BEGIN Entries supplied

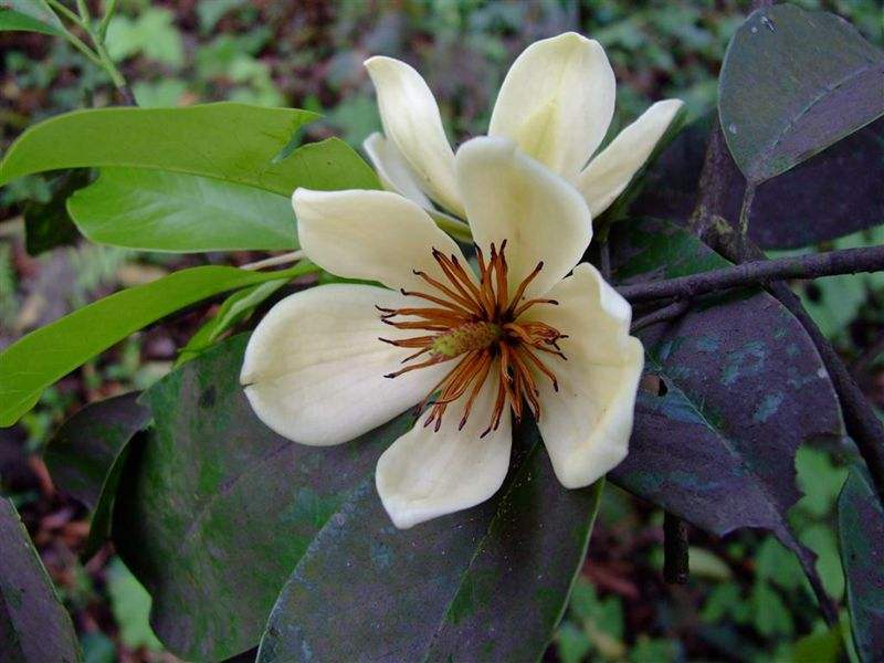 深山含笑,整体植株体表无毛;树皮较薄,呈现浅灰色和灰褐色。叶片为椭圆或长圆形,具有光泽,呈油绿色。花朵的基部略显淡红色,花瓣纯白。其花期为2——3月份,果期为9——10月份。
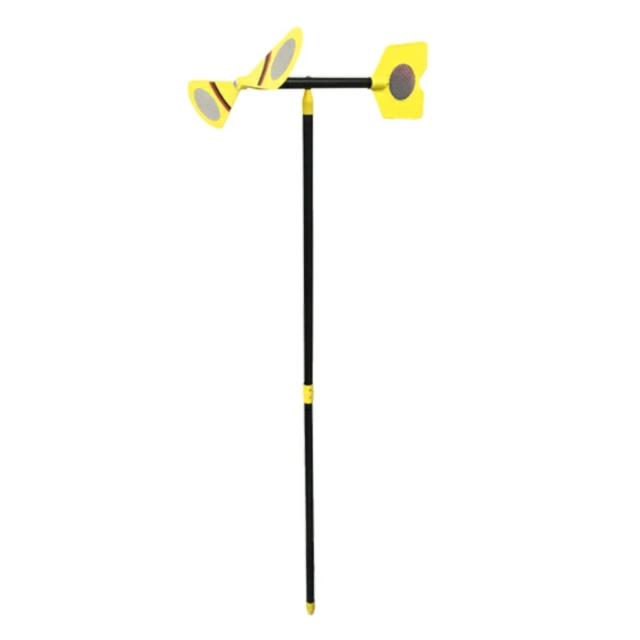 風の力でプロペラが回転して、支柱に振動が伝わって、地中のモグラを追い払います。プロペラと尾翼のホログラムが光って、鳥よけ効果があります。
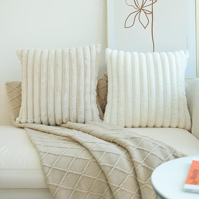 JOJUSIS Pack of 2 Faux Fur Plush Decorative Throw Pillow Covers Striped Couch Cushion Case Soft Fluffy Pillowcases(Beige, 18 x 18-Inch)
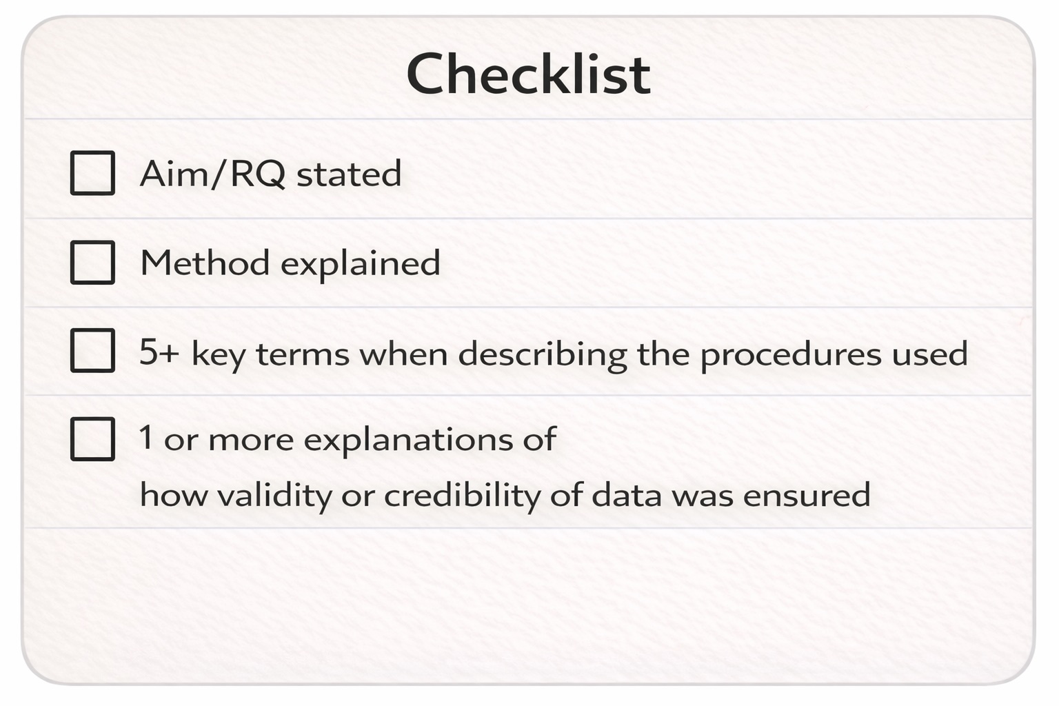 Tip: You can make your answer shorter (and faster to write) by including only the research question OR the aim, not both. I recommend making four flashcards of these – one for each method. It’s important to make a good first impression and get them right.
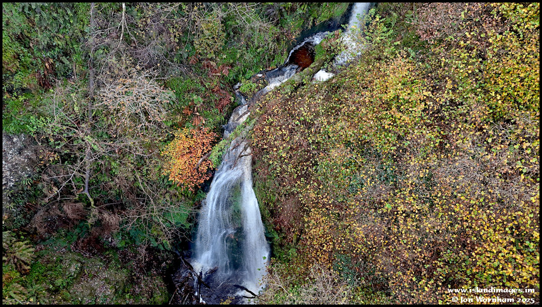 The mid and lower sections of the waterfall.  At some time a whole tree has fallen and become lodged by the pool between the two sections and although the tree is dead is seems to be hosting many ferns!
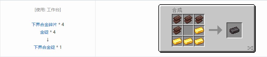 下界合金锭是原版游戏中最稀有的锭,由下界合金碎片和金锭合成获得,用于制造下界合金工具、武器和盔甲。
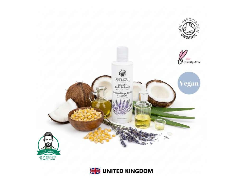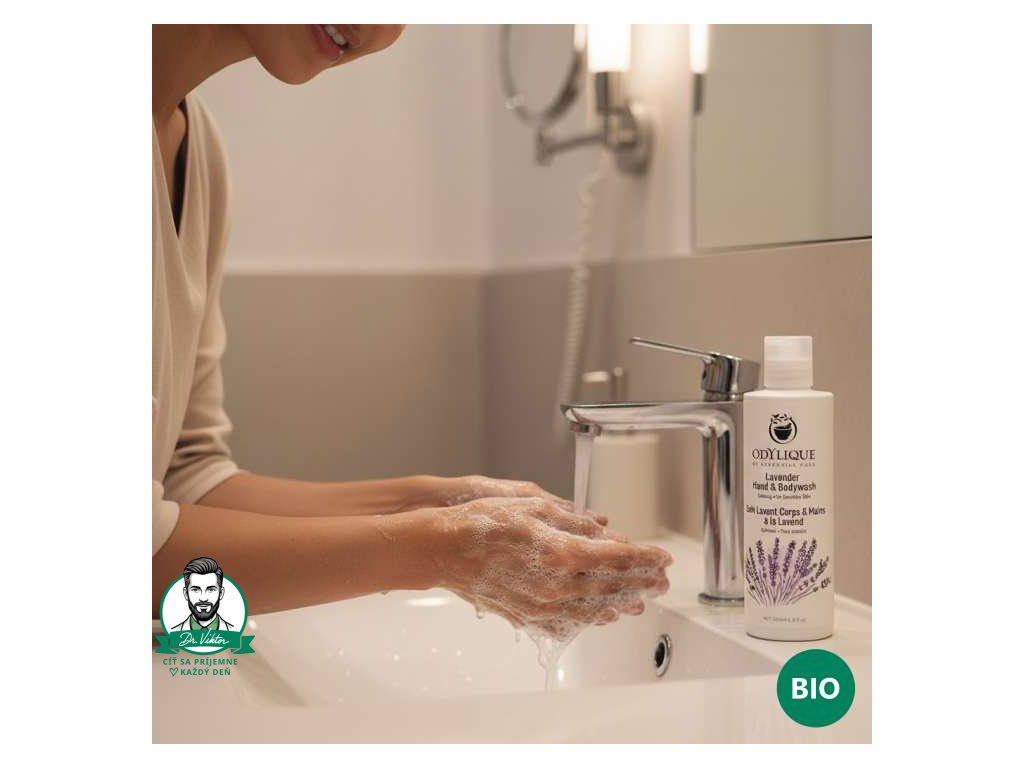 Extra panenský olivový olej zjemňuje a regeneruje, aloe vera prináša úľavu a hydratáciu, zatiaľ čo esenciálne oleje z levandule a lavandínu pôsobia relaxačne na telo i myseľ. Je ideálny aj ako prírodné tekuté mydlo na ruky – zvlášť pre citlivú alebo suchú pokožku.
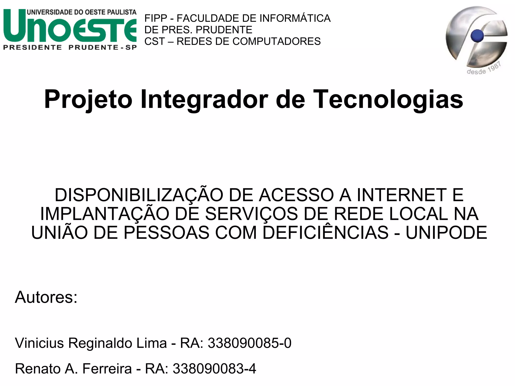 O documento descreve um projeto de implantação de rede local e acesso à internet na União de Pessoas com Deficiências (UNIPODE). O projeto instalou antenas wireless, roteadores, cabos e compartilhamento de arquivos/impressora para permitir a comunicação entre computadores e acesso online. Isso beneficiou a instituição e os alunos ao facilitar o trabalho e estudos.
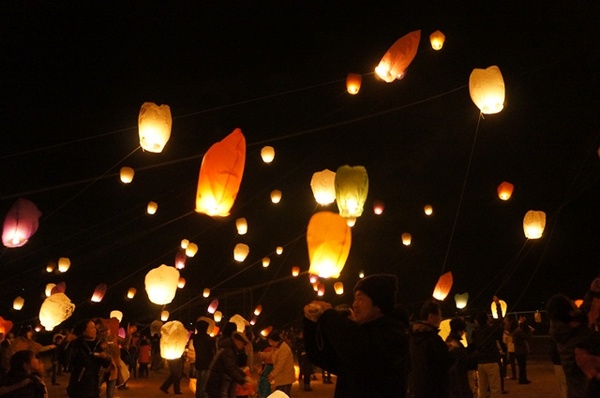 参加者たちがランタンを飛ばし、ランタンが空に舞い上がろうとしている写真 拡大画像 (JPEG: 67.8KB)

END Entries supplied

[Brief]: Copy out exactly the lines that run from the line containing "O documento descreve" through the last line of the material, and nothing more; omit the pictures.

[Answer to this task]:
 O documento descreve um projeto de implantação de rede local e acesso à internet na União de Pessoas com Deficiências (UNIPODE). O projeto instalou antenas wireless, roteadores, cabos e compartilhamento de arquivos/impressora para permitir a comunicação entre computadores e acesso online. Isso beneficiou a instituição e os alunos ao facilitar o trabalho e estudos.
 参加者たちがランタンを飛ばし、ランタンが空に舞い上がろうとしている写真 拡大画像 (JPEG: 67.8KB)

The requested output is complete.